The photo, released publicly earlier this month, was taken on December 24.

Madre de Dios is an untouched part of the Amazon approximately the size of the state of South Carolina (in the USA), where macaws and monkeys, jaguars, and butterflies thrive. But while parts of Madre de Dios, such as the Tambopata National Reserve, are protected from mining, hundreds of square kilometers of rainforest in the area have been turned into toxic, tree-less terrain.

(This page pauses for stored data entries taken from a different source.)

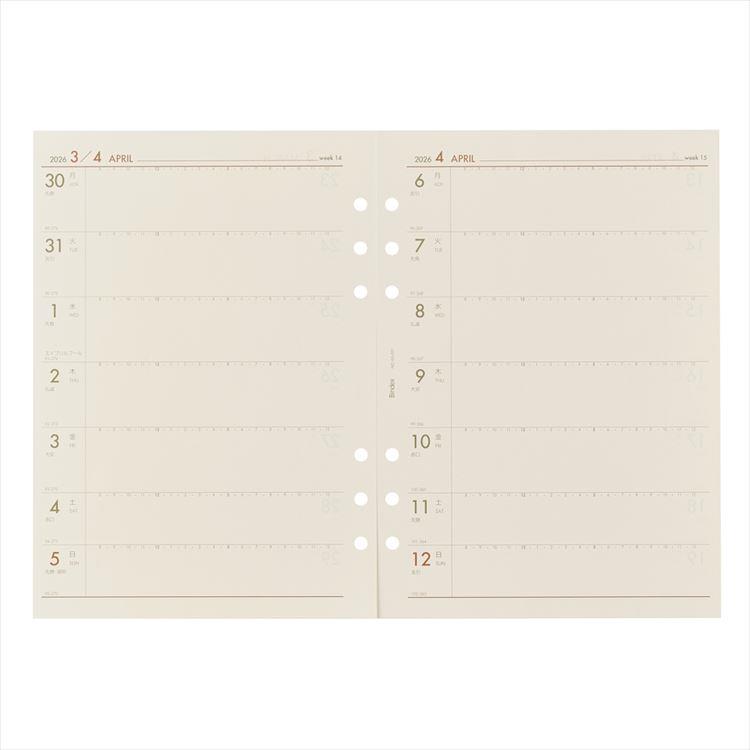 - 2026年1月始まりシステム手帳用リフィル A5 2週間ダイアリー1 時間メモリ入り横ケイタイプ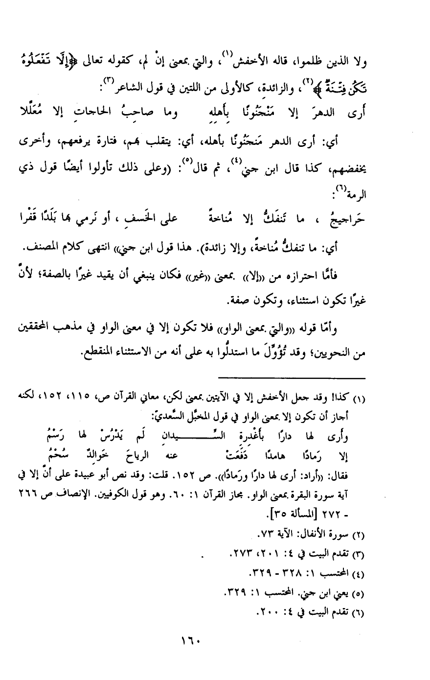 وأما قوله "والتي بمعنى الواو" فلا تكون إلا في معنى الواو في مذهب المحققين من النحويين؛ وقد تُؤول ما استدلوا به على أنه من الاستثناء المنقطع.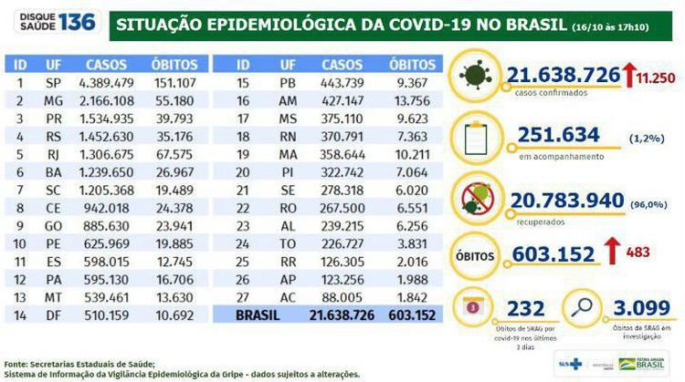 As mortes causadas pelo novo coronavírus ao longo da pandemia somam 603.152. Em 24 horas, as autoridades de saúde notificaram 483 novos óbitos.
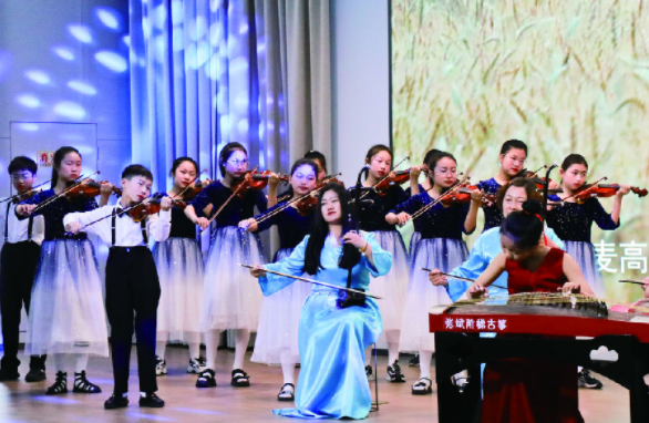 “6·21國際樂器演奏日”活動(dòng),是全世界音樂愛好者的一個(gè)重要節(jié)日。6月21日上午,這項(xiàng)活動(dòng)再次在泰興市黃橋鎮(zhèn)拉開帷幕,吸引眾多市民相聚于此,在音樂聲中度過美好的一天。 在黃橋鎮(zhèn)琴韻小鎮(zhèn)城市客廳,該鎮(zhèn)幼兒教育集團(tuán)中心分園師生組成的表演方陣?yán)铮√崆佟⒋筇崆佟⒇愃骨俚绕鳂俘R鳴,時(shí)而鏗鏘激越,時(shí)而宛轉(zhuǎn)悠揚(yáng),小鎮(zhèn)客廳里一片歡樂。“通過和小朋友一起學(xué)習(xí)小提琴,發(fā)現(xiàn)音樂不僅能讓我感到放松,還豐富了自己的課余生活。”黃橋鎮(zhèn)幼兒教育集團(tuán)中心分園教師顧倩雯和孩子們一起陶醉在音樂的海洋里。 這支由35人組成的表演隊(duì)伍,分別演奏了《小星星》《劃小船》等曲目,他們精心打扮、盛裝出席,充滿了自信和熱情。黃橋鎮(zhèn)幼兒教育集團(tuán)中心分園園長王健介紹,在平時(shí)的教育中,他們就注重把音樂融入到游戲的情境中,甚至用趣味性的音樂游戲來營造生動(dòng)的音樂氛圍,給幼兒正確的引領(lǐng),讓他們產(chǎn)生良好的樂學(xué)意識(shí)。 一絲一竹,一曲一調(diào),故事立于弦上。平均年齡 65歲的琴星民樂樂隊(duì)表演的《拔根蘆柴花》融合了彈撥樂器和弓弦樂器的演奏技巧,笛子、楊琴、笙、琵琶等獨(dú)特的音色和演奏技巧增添了濃郁的蘇中風(fēng)情,令人沉醉。民樂愛好者肖軍告訴記者,他們每周二下午都會(huì)集中排練,音樂讓他們的生活更有意義,不僅是老有所樂,還老有所為。 “6·21國際樂器演奏日”是一項(xiàng)全球性的藝術(shù)活動(dòng),兼具國際性、娛樂性和群眾性。黃橋鎮(zhèn)自2017年起,連續(xù) 8 年作為“6·21國際樂器演奏日”中國主會(huì)場(chǎng),是該項(xiàng)活動(dòng)承辦時(shí)間最久、演奏陣容最大、組織最周密、國際上推介宣傳最多的合作小城市。近年來,黃橋鎮(zhèn)通過推動(dòng)樂器“進(jìn)學(xué)校、進(jìn)社區(qū)、進(jìn)家庭”工程,讓老區(qū)人民在愛樂玩樂中獲得美的感受,激發(fā)了昂揚(yáng)向上的精神風(fēng)貌。 |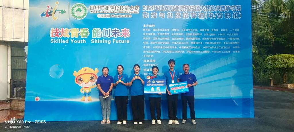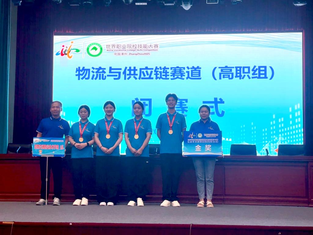 8月31日,2025年世界职业院校技能大赛物流与供应链赛道争夺赛在福建漳州圆满收官。学校物流学院学生马啸川、李倩楠、张晨晨、景尚萍组成的参赛团队在张婉、高晓阳两位教师指导下,以卓越的技能水平从全国131支参赛队中脱颖而出,斩获该赛道金奖,为学校技能大赛荣誉再添璀璨一笔。

The increase in the price of gold in recent years has created complete cities in the jungle, with the appearance of brothels and shootings, while tens of thousands of people across the country have joined the modern gold rush.

Desmatamento

In January 2019, a scientific study found that deforestation caused by gold mining destroyed some 22,930 acres of the Peruvian Amazon in 2018, according to the Andean Amazon Monitoring Project group, known as MAAP.

Based on research conducted by the Amazon Forest Innovation Center at Wake Forest University, this total is the largest ever recorded since 1985.

Deforestation in 2018 surpassed the previous record of 2017, when an estimate showed that 22,635 acres of forest were cleared by miners, according to MAAP.

This means that, in two years, gold mining has decimated the equivalent of more than 34,000 football fields in the Peruvian Amazon forest, according to the analysis made by MAAP.